New Poems • Spring 2026
/Hi All,
Happy Spring. Excited to share a few new poems. You can read them below.
Sending care,
Judy
Politic
Stick to the facts.
Don’t fret about the righteous,
Their sanctimony, their bullying.
Pledge faith to sea,
Its great depths,
Its blueness, honest as the sky’s;
Out West: there are Indians
In India: there are Indians;
Accept this total misapplication.
You must make peace with the clock, the calendar.
Allow what an hour consists of,
A day, a week, a month;
You have wondered exactly why
You are here.
Recognize what is absolute.
A time of warmth will follow a chill.
A tree is a tree.
Not a brook, not a bale, not a boy:
A tree is what you must climb so
As not to be vanquished
Then eaten
By what is called wild.
Mary Lou, Last Summer
heat rules burns everything
green curls to rust
sun presses down
a simpering smile-button
the dejected landscape
consorts with her bitterness
at night Banjo Ted
a little wine soiled linens
hours pass somehow until
the heavy breath he exhales
raises sweetish bile
chokes her throat
midnight desperation she says no
runs he tries but does not catch her
hammering away on the club’s
the gym’s the ship’s every locked door
the song he writes Last Summer
weaves the story his way
heroism his twangy
theme a simple three chord strum
New Pittsburgh Airport Hosts a Chabad Wedding
I spent most of today, March 18, struggling to remember the name for the clinging cloth hat women sometimes wear and I wore because I feared being bareheaded
at the Orthodox Jewish wedding of the Rabbi’s daughter at the new Pittsburgh Airport.

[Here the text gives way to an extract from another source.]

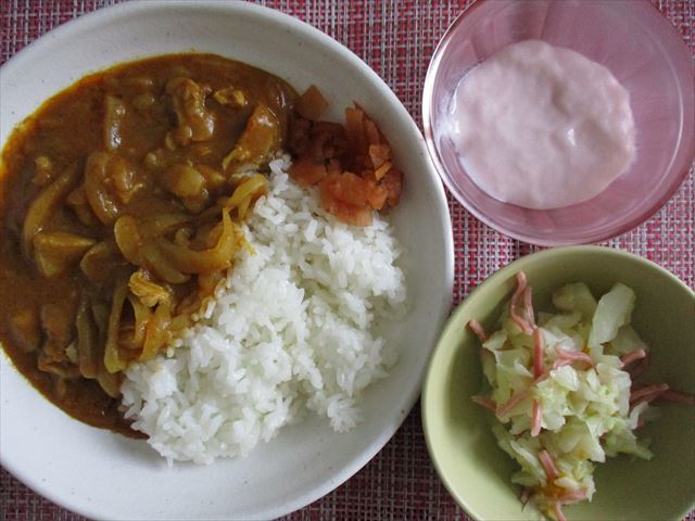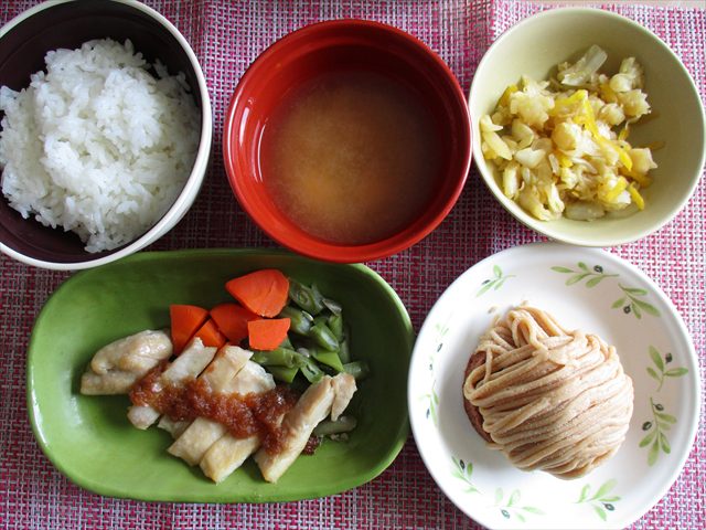ごはん、鶏肉のバター醤油ソース、キャベツと沢庵の和え物、

It was a lot, that event: spectacular: an outdoor canopy (chuppah) shaking in the high winds, a bride and groom who may or may have not met before,
squeezed together with every relative possible under that chuppah, planes taking off above when the snow-whipping winds died down. I could barely see any of this as there were at least five hundred people there, most of them in front of me. But such joy! Such cheer! The repetition of ancient tradition! The world beginning again! An unlikely but wonderful story to tell the grandchildren someday!
And now, twenty-two hours later it came to me: I wore a turban.